Geoffrey Rehnert, his Bain Capital partner from the start, says one explanation was that "a lot of garbage came in in the early days, like shelf-stable peanut-butter-and-jelly sandwiches, shrimp farms in Ecuador" and fanciful "flying cars that also turned into boats." It was also true, he says, that as Bain Capital grew, Romney oversaw the development of formal policies and structures appropriate for a global operation. "The deal guy he was in 1986 is very different than the CEO of a $10 billion-asset money-management firm" that he became.

Even so, for most of Romney's career, he could afford to be fastidious in the extreme about his quarries, far more so than a government leader or traditional corporate executive of similar rank. He could choose one specimen at a time, dissect it, mount it on a slide and spend days at a time without looking up from the microscope. Rarely do political leaders have that kind of time.

"What I enjoyed most about Bain & Co., the consulting firm, was the analytical process of solving tough problems," Romney told Businessweek recently. "And I love the thinking and the analyzing as much as anything." Later, at Bain Capital, his approach was "similarly analytical, to decide which business ideas really had economic merit and which did not."

A MAN AND HIS ETHICS

Economic merit did not always settle the question. Romney had ethical boundaries that have not been described before in news reports. Some of the unwritten rules fit awkwardly today with the interests of his contributors and target voters. "Mitt was pretty adamant about not making investments in tobacco, firearms," says longtime partner Marc Wolpow.

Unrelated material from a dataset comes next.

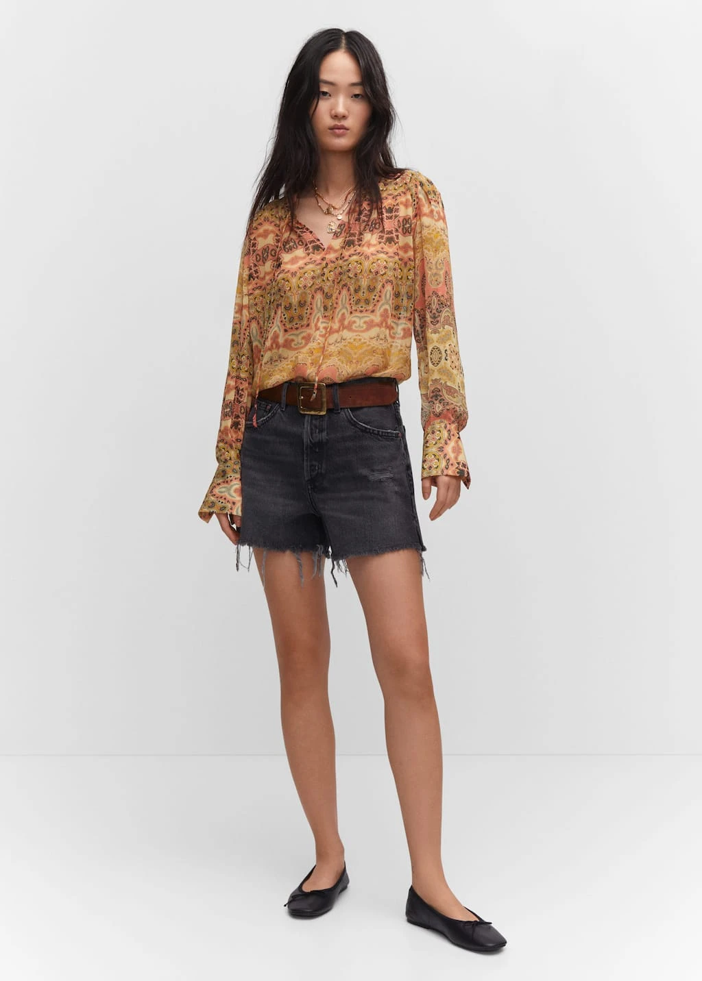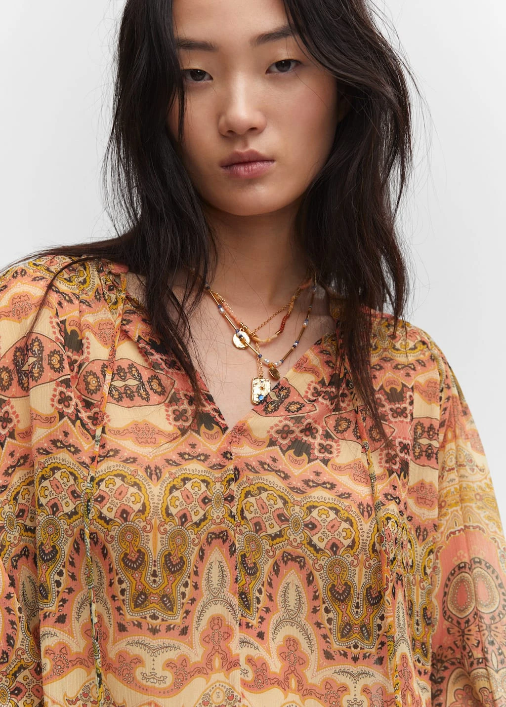 tissu fluide, droit, imprime, col rond, lien a nouer autour du cou, col en v, manches longues bouffantes, manches longues avec poignets boutonnes, style bohoComposition: 100% polyester
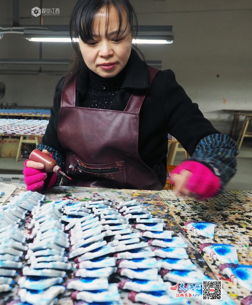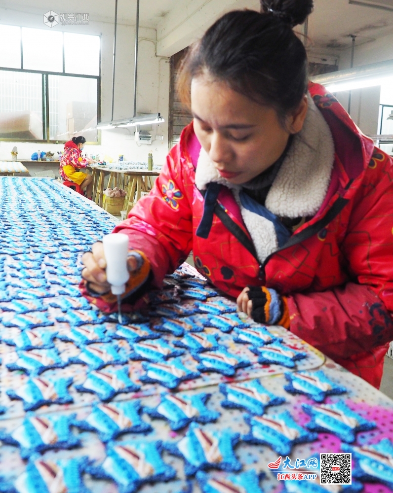 2019年12月9日,江西省南丰县琴城镇艾源村的贫困农户正在当地工业园区“扶贫车间”生产出口欧美的工艺产品,总工会牵线搭桥,使她们在家门口就业。近年来,为解决当地贫困户脱贫增收问题,南丰县总工会立足县情实际,出台优惠政策,在工业园区建立扶贫车间,通过就业牵线搭桥,使一大批无法外出务工的贫困劳动力实现就近就业,达到了一人就业、全家脱贫的目的。

Several times in the 1990s, distress sales brought leading U.S. gunmakers to market with attractive financial terms. Colt's Manufacturing Co. had been badly damaged by a four-year strike, forcing the state of Connecticut to help stave off bankruptcy in 1990. Two years later, the weaponsmaker went belly up anyway. Rival purchase deals were made and broken until 1994, when new owners arrived. Remington, meanwhile, went on the block in 1993 and again in 1998.